To be conservative, ** round the standard deviation you choose to one value behind the decimal point and input the same standard deviation for both brain regions, so the ratio of standard deviations will be 1 for both. For example, if the standard deviation is 0.168, you would enter the value 0.2.** Once you arrive at the hypothesis page, ensure you choose the “All Factors” button at the bottom of the screen to correctly calculate the power.

Roughly 180 patients meeting the eligibility criteria are seen each month by the large glioblastoma clinic at the high volume tertiarycare clinic at which the study will be done. Roughly 20% of the patients will consent to the study. The chance of consent is not associated with genotype, nor with response to treatment, nor with baseline tortuosity. The study investigators think that almost 30% of the participants will be lost to follow-up and not complete the study, for reasons independent of disease severity, genotype, or response. From previous experience, the investigators believe that if people complete the study, they are quite likely to be able to measure the vessel tortuosity in both brain regions. It is unlikely that they will be able to measure response in only one region, or in no regions at all.

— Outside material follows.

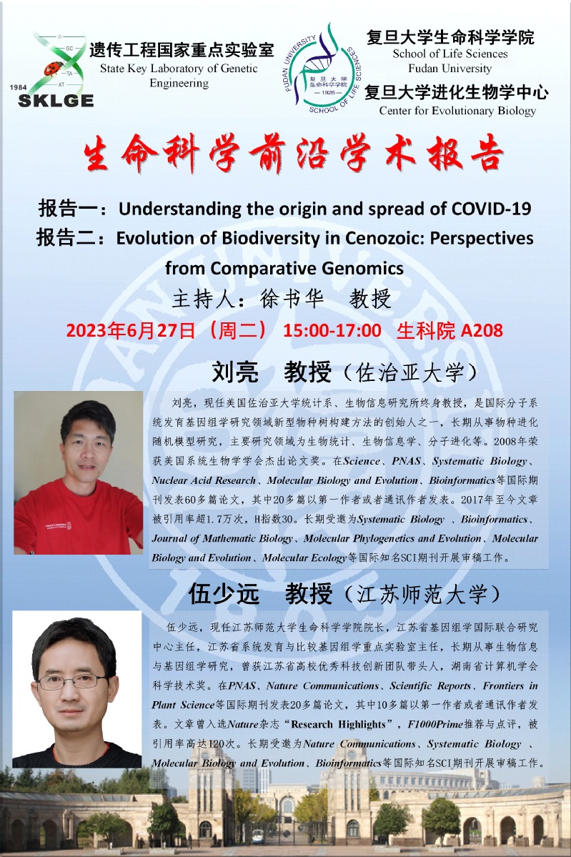 生命科学前沿学术报告-2023-06-27(周二)15:00,刘亮 教授(佐治亚大学),伍少远 教授(江苏师范大学)

Feasible sample sizes for the study would be 30, 40, and 50, with the smallest group size, respectively of 3, 4, and 5. The goal is to figure out what the power is for each of the sample sizes, and to choose the smallest sample size such that the power is at least 0.95.

## 5.3 Statistical analysis plan

We will fit a general linear mixed model. The outcome variables will be the two repeated measurements of SOAM1, one in the left cerebral middle group, and one in the right cerebral middle group. The predictors will be eight indicator variables for the genotype by treatment groups. Each indicator variable will take on the value 1 if the study participant is a member of the specific genotype-by-treatment group, and 0 otherwise. We will use a Wald statistic with Kenward-Roger degrees of freedom (which corresponds to a Hotelling-Lawley test for complete data) to assess the null hypothesis that there is no interaction between genotype and treatment on the average response over the two brain regions. We will use an unstructured covariance matrix and assume that the variance-covariance matrix of the errors is the same for each person. We will use a Type I error rate of 0.05. The scale factor to be used for means is 1. The scale factor to be used for variability is 1.

This modeling technique assumes equal error variance, independence of the independent sampling units, finite second moments, and linearity, which means that the outcome could be described as a linear function of the predictors. We will use regression diagnostics and jackknifed studentized residuals to examine the assumptions.

5.4 Study resources

The final problem references two peer-reviewed publications. These publications will assist you in completing the final project. You can download the files:

- Bullitt, E., Muller, K. E., Jung, I., Lin, W., & Aylward, S. (2005). Analyzing attributes of vessel populations.
*Medical Image Analysis, 9*(1), 39-49.

- Muller, K. E., Edwards, L. J., Simpson, S. L., & Taylor, D. J. (2007). Statistical tests with accurate size and power for balanced linear mixed models.
*Statistics in Medicine, 26*(19), 3639-3660.